Predictions of GO term associations across the entire PDB

All of the attributes present in the structures that had a given GO term formed the attribute complement for that term. Values of the attribute complement of the given GO term were found for all the chains in the PDB. The classification model created for each GO term was used to classify each chain as associated or not associated with that term based on the values of the chain’s attribute complement. Potentially new predictions were evaluated in two steps. The first step was to remove chains already known to have the given GO annotation. These known associations were either through direct assignment or inferred through the GO term hierarchy: if there was assignment lower in the hierarchy then the chain had the given term. The second step was to include only predictions above a threshold probability of 0.95. A schematic of the method is presented in Fig. 1. Standard data mining techniques were used. These include preprocessing, e.g. extract, clean, refresh; integration which entailed mapping of each attribute to each protein chain; database creation; and analysis which entailed classification model generation and application [47].

Fig. 1
figure 1

Schematic of the method used to generate the classification models. The method can be divided into the following steps: a data assembly, which includes preprocessing and integration of protein attributes; b selection of data sets for classification model generation based on known Gene Ontology term associations; c generation of classification models for each GO term; and d application of the classification models to predict new GO associations

Results

Classification model statistics and summary of predictions

Each of the classification models created for the GO terms was evaluated by a ten-fold cross-validation. Accuracy measurements were averaged across all the 655 models that were created for GO terms with greater than ten non-identical protein chain members from the PDB. The average measurements of sensitivity, specificity, positive predictive value (PPV), and area under the receiver operator curve are presented in Table 1. The classification models created with information from structure plus sequence were compared to those created with primary sequence information alone.
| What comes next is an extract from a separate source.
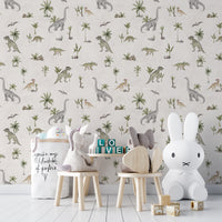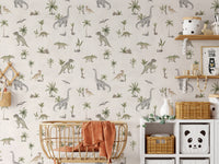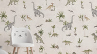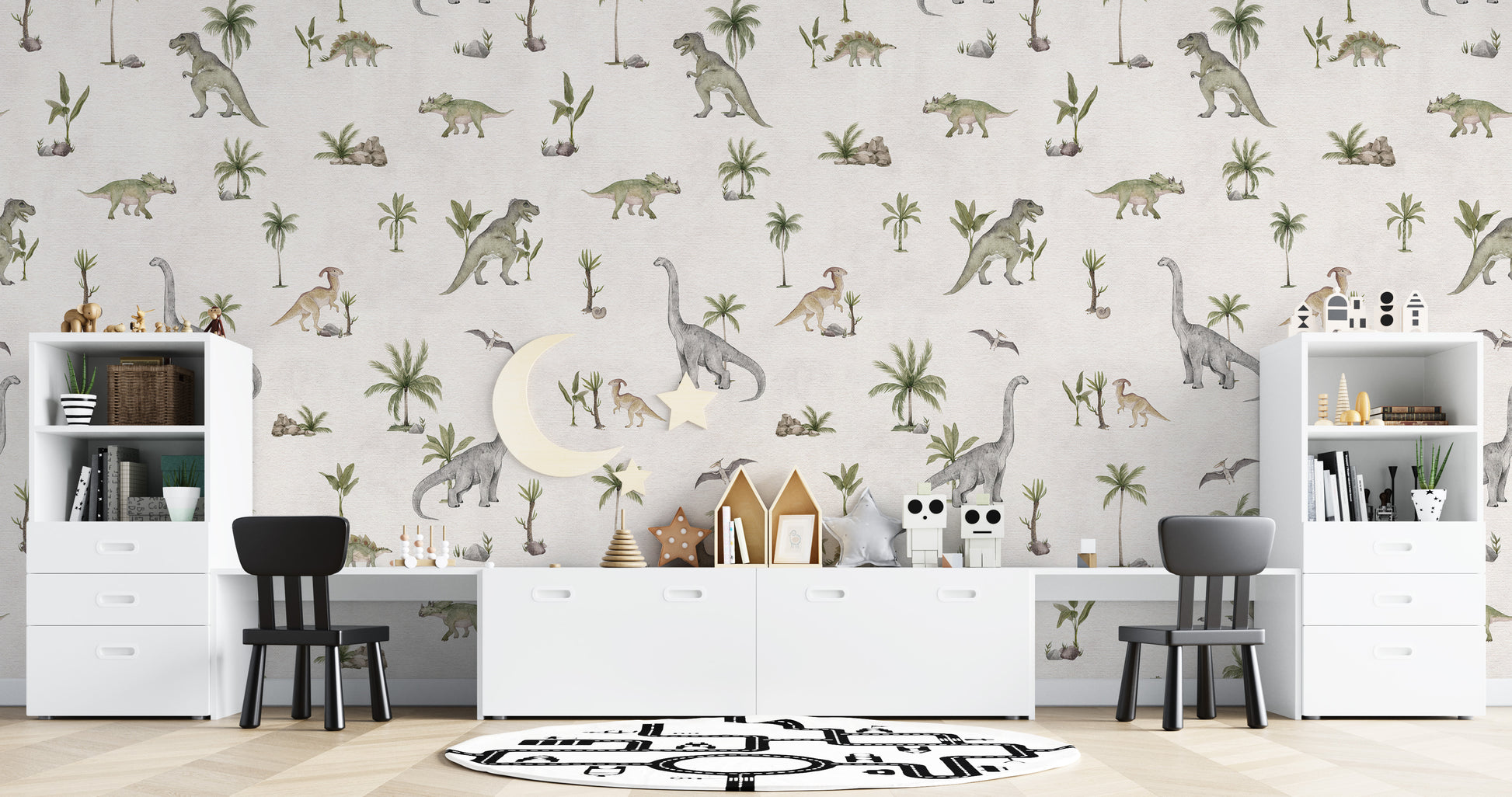 Giv den forhistoriske verden liv på dit lille barns værelse med cremebeige dinosaur tapetDen bløde cremefarvede baggrund kombineret med yndige dinosaurmotiver skaber en venlig og legende atmosfære. Dette tapet er ideelt for enhver dinosaurelsker og forvandler rummet til et spændende eventyrområde, samtidig med at det bevarer en rolig og varm æstetik. Det er perfekt til børneværelser, legerum eller soveværelser og passer smukt til en række møbelfarver, fra neutrale nuancer til lyse accenter.

Structure plus sequence included information from the jFatCat, FEATURE, SCOP, and CATH resources in addition to the attributes from the resources based on the protein sequence information only. For the area under the receiver operator curve measurement, the overall P value for the significance of the difference between the models generated with structure plus sequence versus sequence alone information, based on a student’s t-test, was 1.9 × 10−11. The sample size for the comparison was 655, which corresponded to the number of GO terms that had greater than or equal to 10 representative members. The result indicated that the addition of structural information improved the accuracy of the classification models.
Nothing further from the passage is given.